[Recorded data]
■ ■ ■ ■

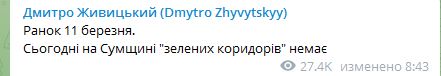 11.30 Губернатор Дмитрий Живицкий о "зеленом коридоре" из Сум - "Переговоры продолжаются. Кто принял решение о выезде - будьте готовы сделать это быстро, в любой день".
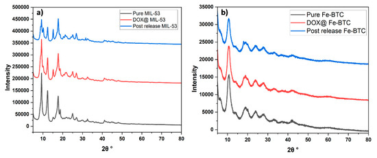XRD patterns of (a) MIL-53, DOX@ MIL-53, and DOX@MIL-53 post MW release; (b) Fe-BTC, DOX@Fe-BTC, and DOX@Fe-BTC post MW release.
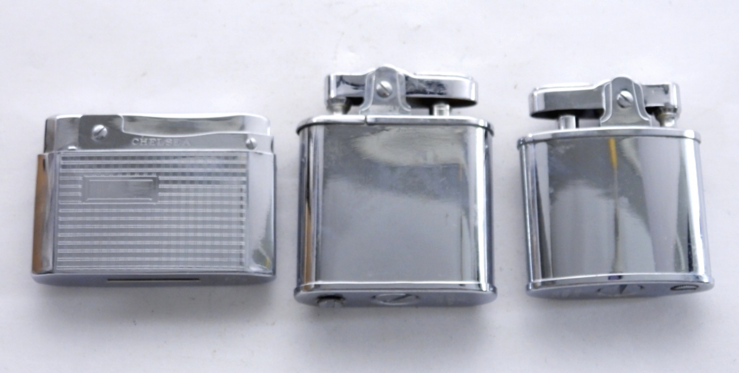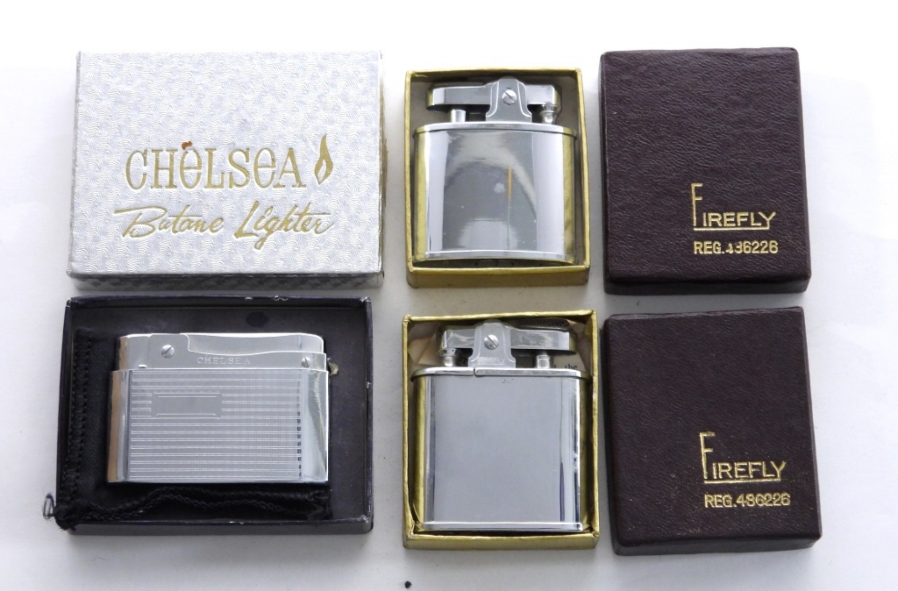 3- VINTAGE HAND HELD LIGHTERS- 2 FIREFLY HAND HELD LIGHTERS -(UNFIRED). CHELSEA BUTANE LIGHTER- SILVER TONE- FIRED. IN GOOD CONDITION, ALL OF THESE LIGHTERS DO SHOW WEAR, PREOWNED. BRANDS ARE UNSEARCHED AND
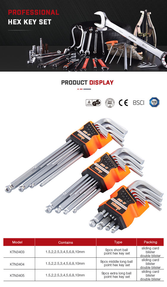 Nom du produit:Jeu de 9 clés Allen courtes à tête sphérique carrée en forme d'étoile, en pouces
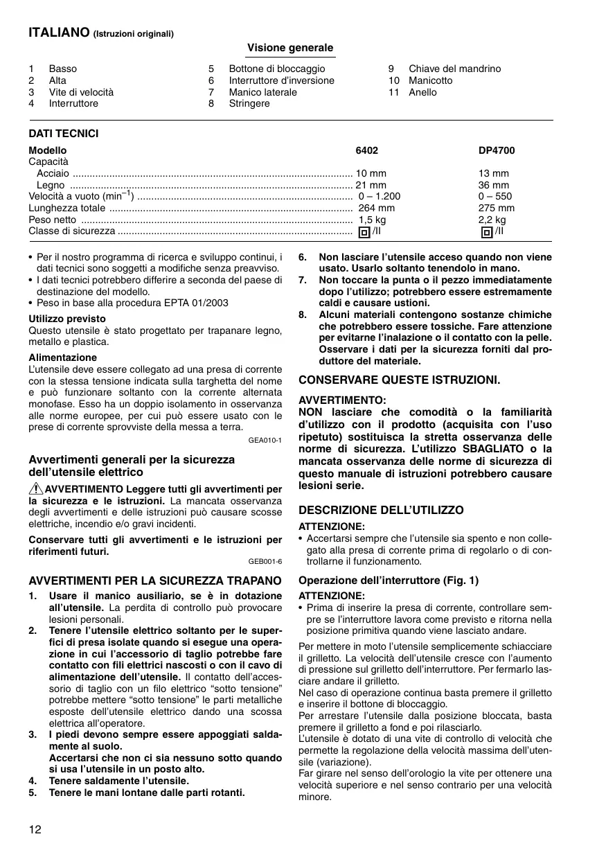 ITALIANO (struzioni originali) Bottone di bloccaggio 9 ne generale 1 Basso 5 Chiave del mandrino 2 Ala 6 Interruttore d'inversione 10 Manicotto 3 Vite di velocità 7 Manico laterale 11 Anello 4 Interruttore 8 Stringere DATI TECNICI Modello 6402 DP4700 Capacità Acciaio . 13 mm Legno 36 mm Velocità a vuoto (min”!) 0- 550 Lunghezza totale 275 mm Peso netto . 22kg Classe di sicurezza oi + Per il nostro programma di ricerca e sviluppo continui, i dati tecnici sono soggeti a modifiche senza preavviso. + I dati tecnici potrebbero differire a seconda del paese di destinazione del modello. + Peso in base alla procedura EPTA 01/2003 Utilizzo previsto Questo utensile à stato progettato per trapanare legno, metallo e plastica. Alimentazione L'utensile deve essere collegato ad una presa di corrente con la stessa tensione indicata sulla targhetta del nome e puè funzionare soltanto con la corrente alternata monofase. Esso ha un doppio isolamento in osservanza alle norme europee, per cui puè essere usato con le prese di corrente sprowviste della messa a terra. Goo Avvertimenti generali per la sicurezza dell'utensile elettrico AN AVVERTIMENTO Leggere tutti gli avvertimenti per la sicurezza e le istruzioni. La mancata osservanza degli avvertimenti e delle istruzioni pud causare scosse elettriche, incendio e/o gravi incidenti. Conservare tutti gli avvertimenti e le istruzioni per riferimenti futui GEsoots
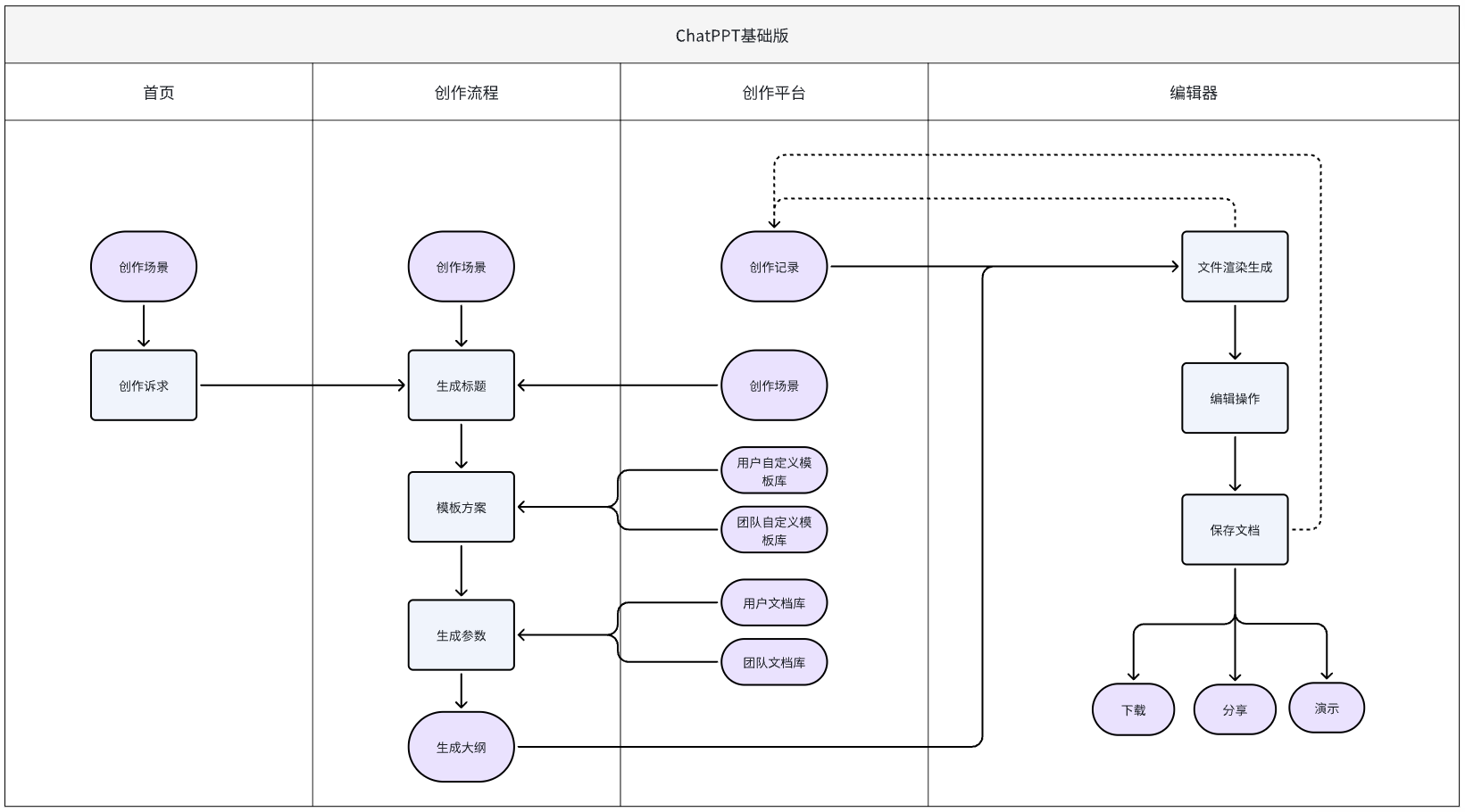 | 创作流程 | 通用场景生成PPT(基础模式) | 主题生成PPT | 触发基于指令生成PPT的通用PPT文档的生成流程 | |
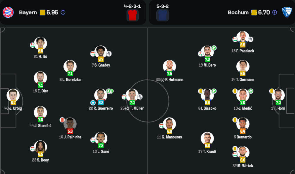 กองหลัง: ซาช่า โบอี้ (โยชัว คิมมิช 76′), โยซิป สตานิซิช, เอริค ดายเออร์, ฮิโรกิ อิโตะ
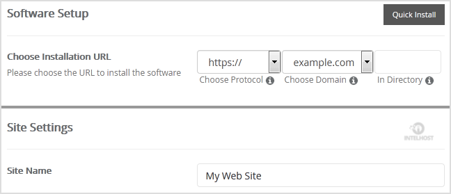 - Choose Installation URL: Choose the appropriate protocol/domain. Inside the «In Directory» field, should you want to install this in a directory, i.e., example.com/directory, enter the directory name. Otherwise, leave it blank to install in your main domain, i.e., example.com
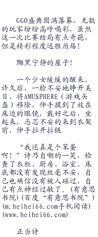 手枪子弹射出,飞向惶恐的诗乃,瞳孔渐渐放大,只要被击中,死枪在现实中的同伙就会对她下杀手,冰冷的触手,药物注射进入自己的体内!
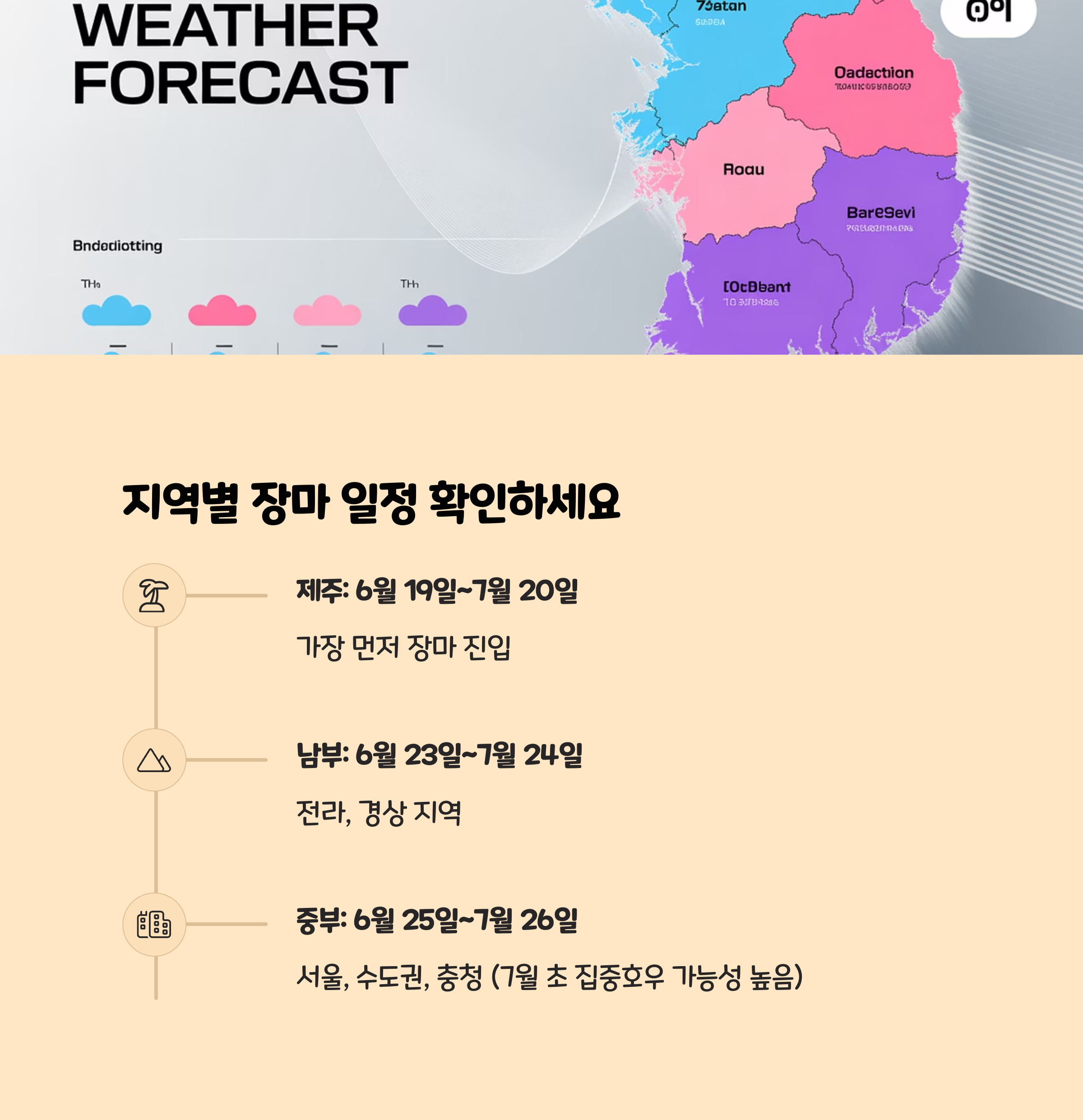지역별로 장마 시작 시기와 종료 시기에 차이가 있습니다. 일반적으로 제주도가 가장 먼저 장마에 진입하며, 이후 남부지방, 중부지방 순으로 장마가 시작됩니다. 아래는 지역별 장마 기간의 차이를 정리한 리스트입니다.
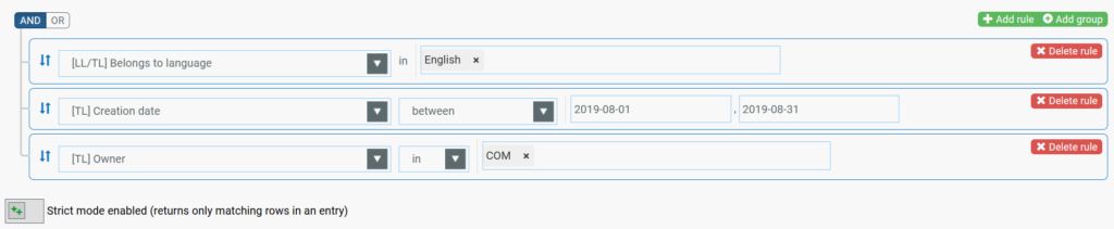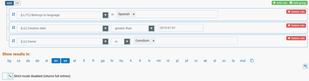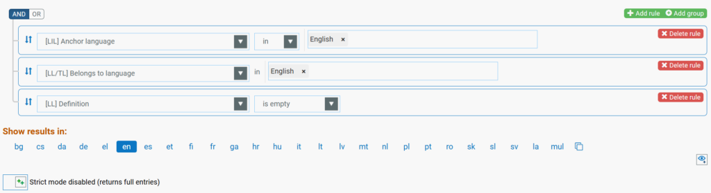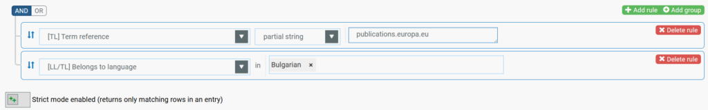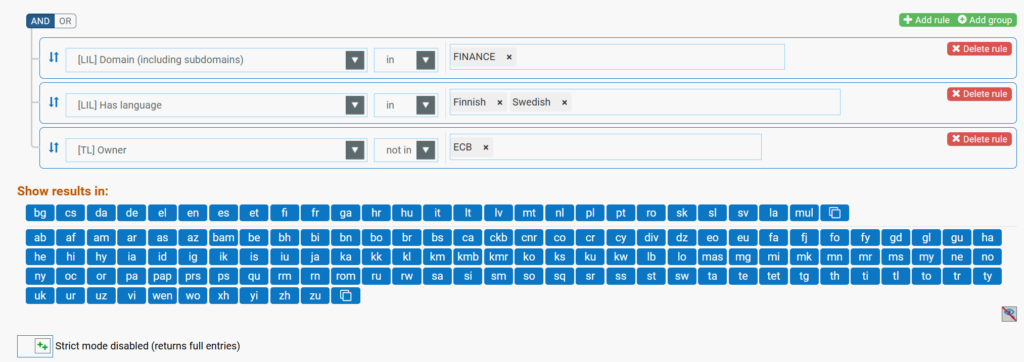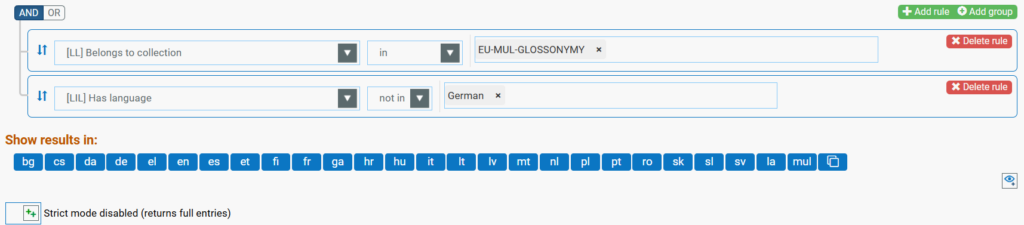 Whenever you search for something in LL or TL, specify the language with the rule ‘LL/TL Belongs to language’. If you don’t use this rule, the search is targeted to all EU languages (non-EU languages are excluded to optimise the query).
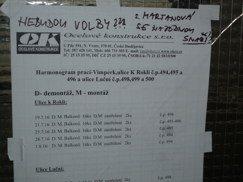 Jen na okraj chci poznamenat, v loňském roce při výměně oken v ulicích K Rokli a Luční bylo při setkání s nájemníky řečeno jednatelem MěSD, že po oknech přijdou na řadu balkony. Během dvou let dojde k jejich výměně. Termín by zkrácen o polovinu. Žádné volby vám balkony nevymění, pouze včas připravené finanční prostředky určují správný termín opravy.
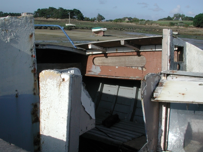 Vue de la charpente intérieure : alternance entre membrures franches et membrures ployéesImmatriculation
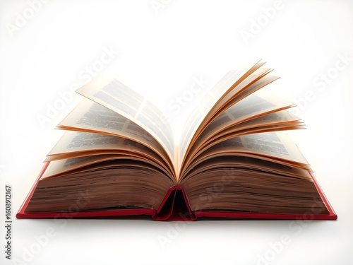 Open Hardcover Book with Fanned Pages on White Background, Ideal for Education, Knowledge, and Learning Concepts
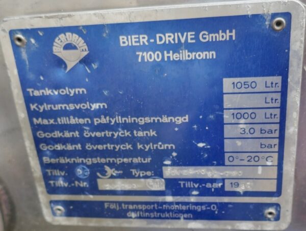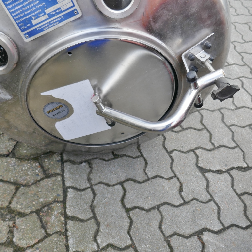 Brewery; Tanks loose – frame no longer present; 1 manhole diameter approx. 400 mm in the front bottom (manhole cover fastening screws damaged)

■ ■ ■ ■

> [Task details]: Above are records with pictures. Reproduce exactly only the lines from the line with "กองหลัง: ซาช่า โบอี้" through the line with "지역별로 장마 시작 시기와", both ends included, and leave the pictures out.

> [Answer section]:
 กองหลัง: ซาช่า โบอี้ (โยชัว คิมมิช 76′), โยซิป สตานิซิช, เอริค ดายเออร์, ฮิโรกิ อิโตะ
 - Choose Installation URL: Choose the appropriate protocol/domain. Inside the «In Directory» field, should you want to install this in a directory, i.e., example.com/directory, enter the directory name. Otherwise, leave it blank to install in your main domain, i.e., example.com
 手枪子弹射出,飞向惶恐的诗乃,瞳孔渐渐放大,只要被击中,死枪在现实中的同伙就会对她下杀手,冰冷的触手,药物注射进入自己的体内!
지역별로 장마 시작 시기와 종료 시기에 차이가 있습니다. 일반적으로 제주도가 가장 먼저 장마에 진입하며, 이후 남부지방, 중부지방 순으로 장마가 시작됩니다. 아래는 지역별 장마 기간의 차이를 정리한 리스트입니다.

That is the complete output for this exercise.